An all-purpose, balanced formulation contributes to overall plant health. These top three nutrients are usually listed on the back labels of bags of fertilizer that you can buy in any garden supply store. They're usually listed in order as numbers on the package (N-P-K). A balanced fertilizer (one that contains the three most important elements — nitrogen, phosphorus, and potassium) may show up as 5-10-5 or even 5-10-10. Nitrogen-heavy lawn fertilizer usually has a high first number. You can find are plenty of other variations, depending on the intended use of the fertilizer.

A fertilizer label often tells you which kind of fertilizer is best for your particular garden. If in doubt about your garden's exact needs, talk to someone at your local garden nursery or supply store.

Unless you're fertilizing with compost, more is not better! Constantly fertilizing lousy soil isn't a good idea. Not only is it a lot of work and expense for you, but it's also a losing battle. Salts build up, plants are never really healthy in the long term, and the soil texture remains poor. You're far better off increasing the organic matter and using fertilizer as a nutrient boost for your plants.

"Feed the soil, not the plants!" is an old gardening adage, and frankly, these are words to live by. At least once a year, and more often if the opportunity presents itself, dig in organic matter, add it to every planting hole (except when planting trees and shrubs), top-dress, and side-dress.

The only way to know which fertilizer you should use is through personal trial and error. That said, you need to know a few things about natural and chemical fertilizers to help you make your decision. Check out the following for a side-by-side comparison.

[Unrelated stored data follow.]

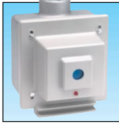
PHOTO CONTROL Page 1737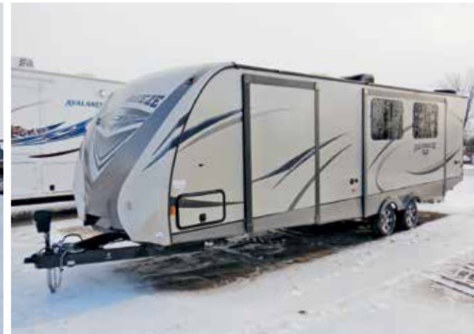
2015 Gulf Stream Gulf Breeze 30R Champagne Edition 30 Ft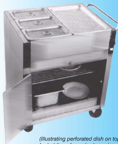
(Illustrating perforated dish on top for holding of poached eggs)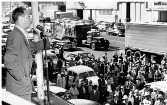
November 8th at the Philip J. Levin Theater, Rutgers University, New Brunswick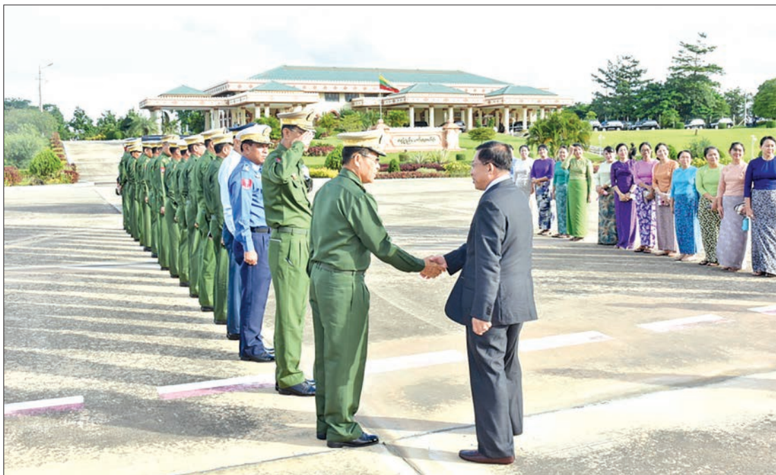
Senior General Min Aung Hlaing welcomed back by Vice Senior General Soe Win at the Nay Pyi Taw Airport yesterday.

Upon arrival at Nay Pyi Taw Airport, the Senior General and party were welcomed back by Deputy Commander-in-Chief of Defence Services Commander-in-Chief (Army) Vice-Senior General Soe Win and wife, Chief of the General Staff (Army, Navy and Air) General Mya Tun Oo and wife, senior military officers from the Commander-in-Chief's Office, the Nay Pyi Taw Command Commander and officials.— Myanmar News Agency ■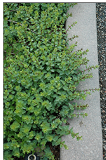
Lebanese Oregano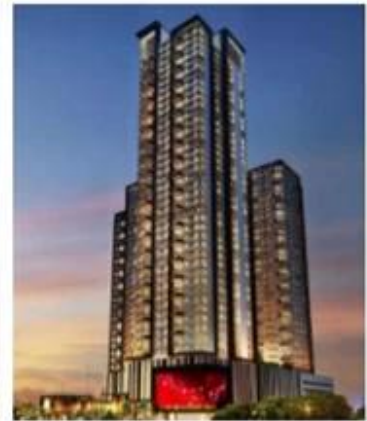
Eastfield 8+12a+8 low e Insulated glass for Eastfield project. 32000m2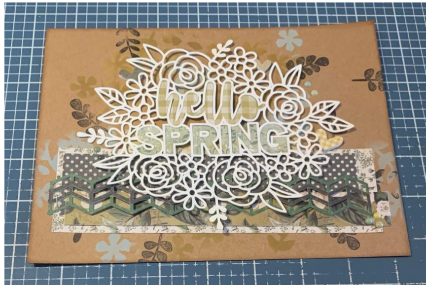
Here is the finished Hello Spring Page.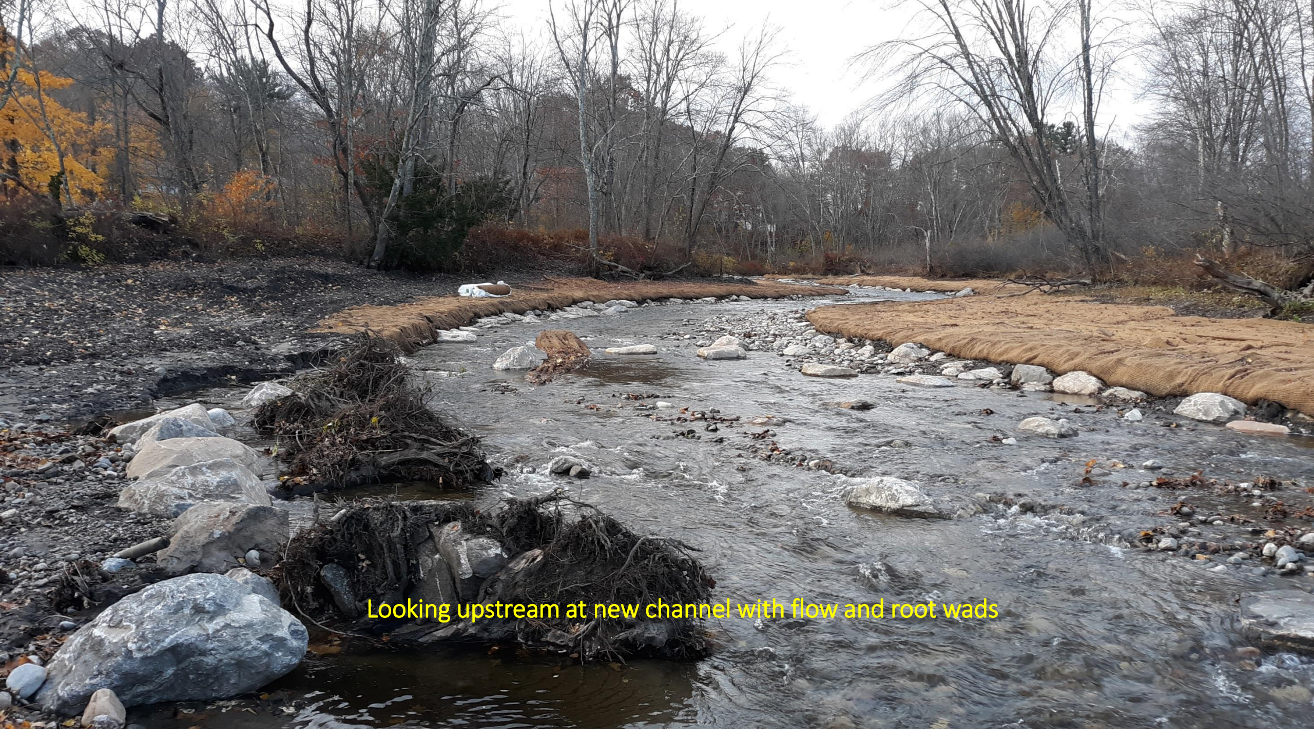
Looking upstream at new channel with flow and root wads

Differences between Natural and Chemical Fertilizers
Trait Natural Fertilizers Chemical Fertilizers
Form Are organically based; examples include compost (homemade or store-bought), manure, fish emulsion, cottonseed meal, bloodmeal, bonemeal, and liquid seaweed Come in various forms, including granules, powders, and concentrated liquids; examples include bagged and boxed fertilizers in various formulations, including Miracle-Gro and Osmocote.
Cost and maintenance Pound for pound, are generally more expensive in terms of the amount of fertilizer they provide, but they also improve the soil and tend to last longer than chemical fertilizers Are usually affordable and easy to maintain
Effects on soil Tend to improve soil texture and quality Do not contribute to long-term soil fertility
Presence of secondary nutrients and micronutrients Can include beneficial minor elements May or may not contain these nutrients; check the label
Effect on organisms Feed helpful soil organisms Usually have a neutral effect
Rate of release Tend to release nutrients slowly, so plants aren't damaged, but results aren't always as dramatic Fast-acting way to jump-start plant performance but must be applied correctly so they don't injure or burn your plants; special slow-release chemical fertilizers are the exception

Whether you're using store-bought or natural fertilizer, such as compost or manure, most plants like to be fertilized at planting time. Thereafter, fertilize again on a monthly basis. Reduce or stop when fall's cooler weather arrives.

If you're using store-bought or chemical fertilizer, read the label to figure out how to deliver the fertilizer and how much to use. Some fertilizers work best if you dig them right into the soil; others are better delivered in dilute form when you water. The label can also tell you how much to use per square foot of garden area and how often to apply. For bagged organic fertilizer, read the label; otherwise, do some research on your own.